Mr Hookem's resignation came after Ukip deputy leader Peter Whittle – who is also running for the leadership – defended Ms Waters' right to be a candidate.

"The whole thing was done very rigorously. There was a vetting process. We all had to go through it and if you all get through that then you absolutely have the right to stand. That means Anne Marie should be able to stand," he told the BBC Radio 4 Today programme.

However in a letter to interim Ukip Steve Crowther, Mr Hookem said he was not prepared to continue as a whip due to Mr Agnew's support for a candidate who is "not a fit and proper person to carry this party forward as its leader".

Mr Hookem said he was disturbed by comments by Mr Agnew that he "looks forward to telling his grandchildren in the future how he helped in the fight against Muslims," and would keep a scrapbook of communications from those who disagreed.

"Let Agnew add this to his scrapbook!" he said, in reference to his resignation letter.

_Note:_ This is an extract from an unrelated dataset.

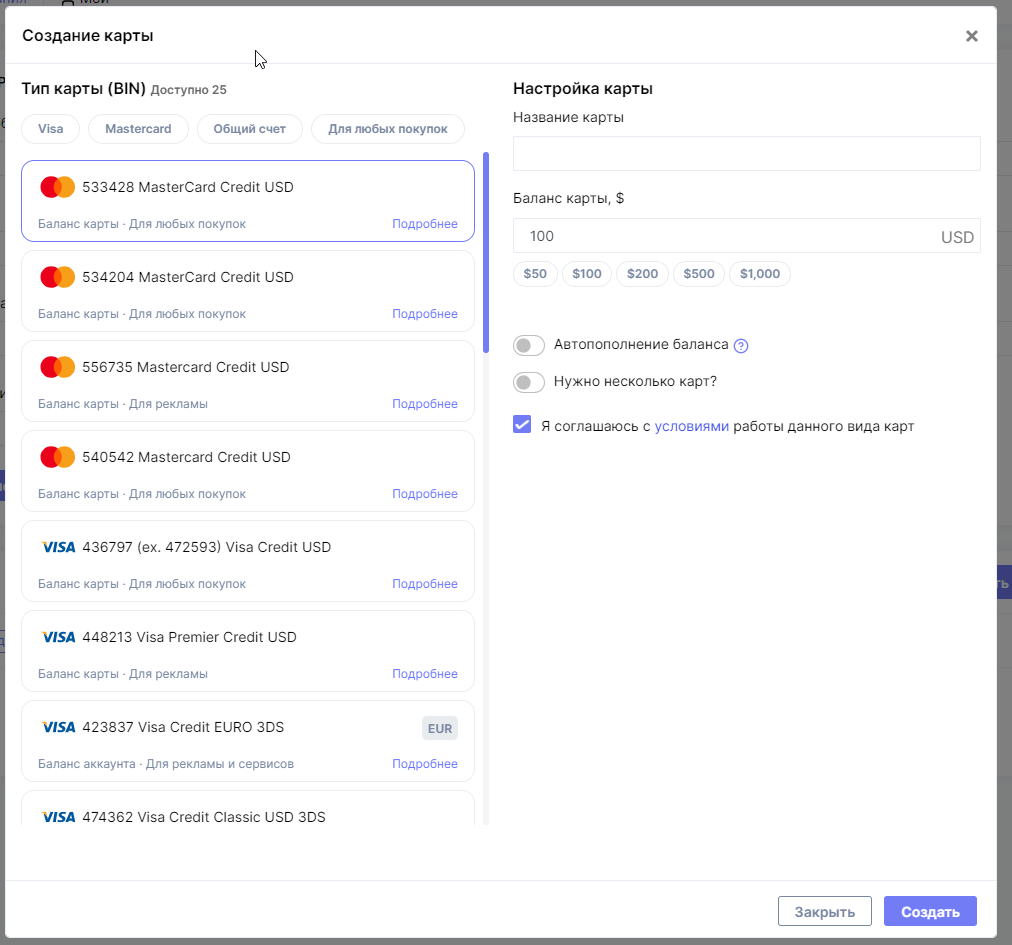 Выпуск карт осуществляется в разделе Карты. На момент написания статьи MyBrocard предлагает 25 BIN’ов. Для более удобного выбора подходящей карты можно отфильтровать результаты по Visa или Mastercard, наличию общего счёта и возможности оплачивать любые покупки.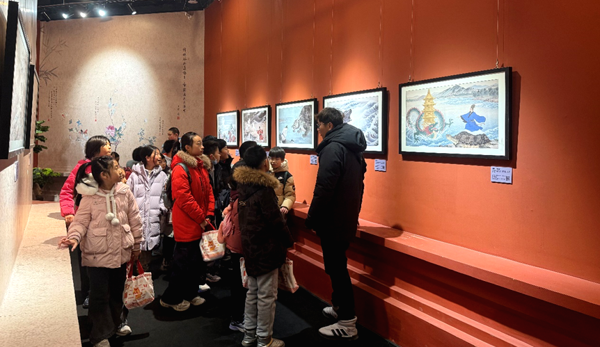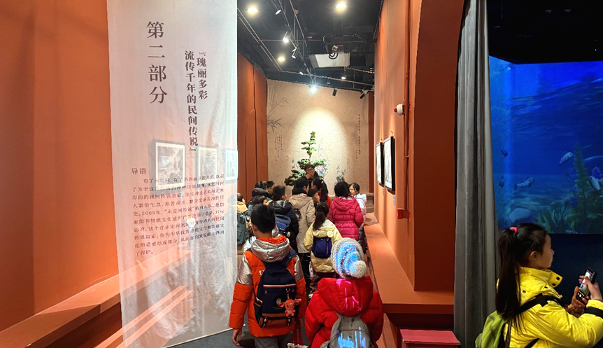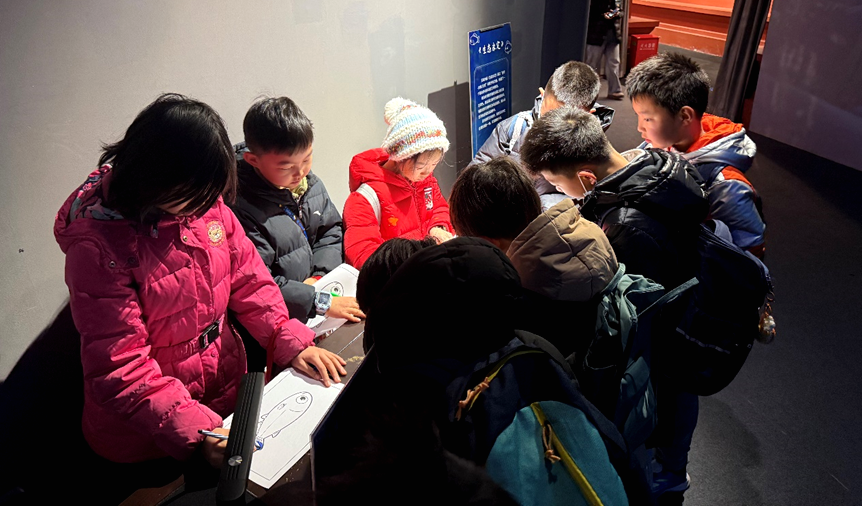 1月27日上午,来自石景山区少年宫的研学团体走进石景山功碑阁一层瞭仓数字藏品博物馆,参观“永定河传说”数字文化艺术展。同学们循着永定河的历史脉络、传说故事与生态新貌前行,在沉浸式观展与趣味 AR 互动中,近距离感受北京“母亲河”的文化根脉。

The row suggests that the party, already known for the intensity of the infighting among senior figures is facing another bruising contest as it seeks a successor to Paul Nuttall.

Ms Waters' candidacy has divided the party, with some members threatening to quit, while former leader Nigel Farage has warned Ukip will be "finished" if it goes down the road of becoming an anti-Islam party.

Mr Whittle, however, insisted that Ukip was right to speak out on issues like the rising numbers of Islamic Sharia courts in the UK which other parties avoided.

"There are at least 80 courts that we know about. The problem is that the people who suffer the most in these courts tend to be women because they are often about domestic issues and often women who go before the courts don't actually know their rights as a British woman," he said.

"There has got to be one legal system. Certain things happen in Sharia courts which do go against the spirit of our laws."

Mr Whittle denied that his comments were anti-Isalmic. While he acknowledged that the rulings of such courts were not legally binding, he said there was great pressure on participants to accept their findings.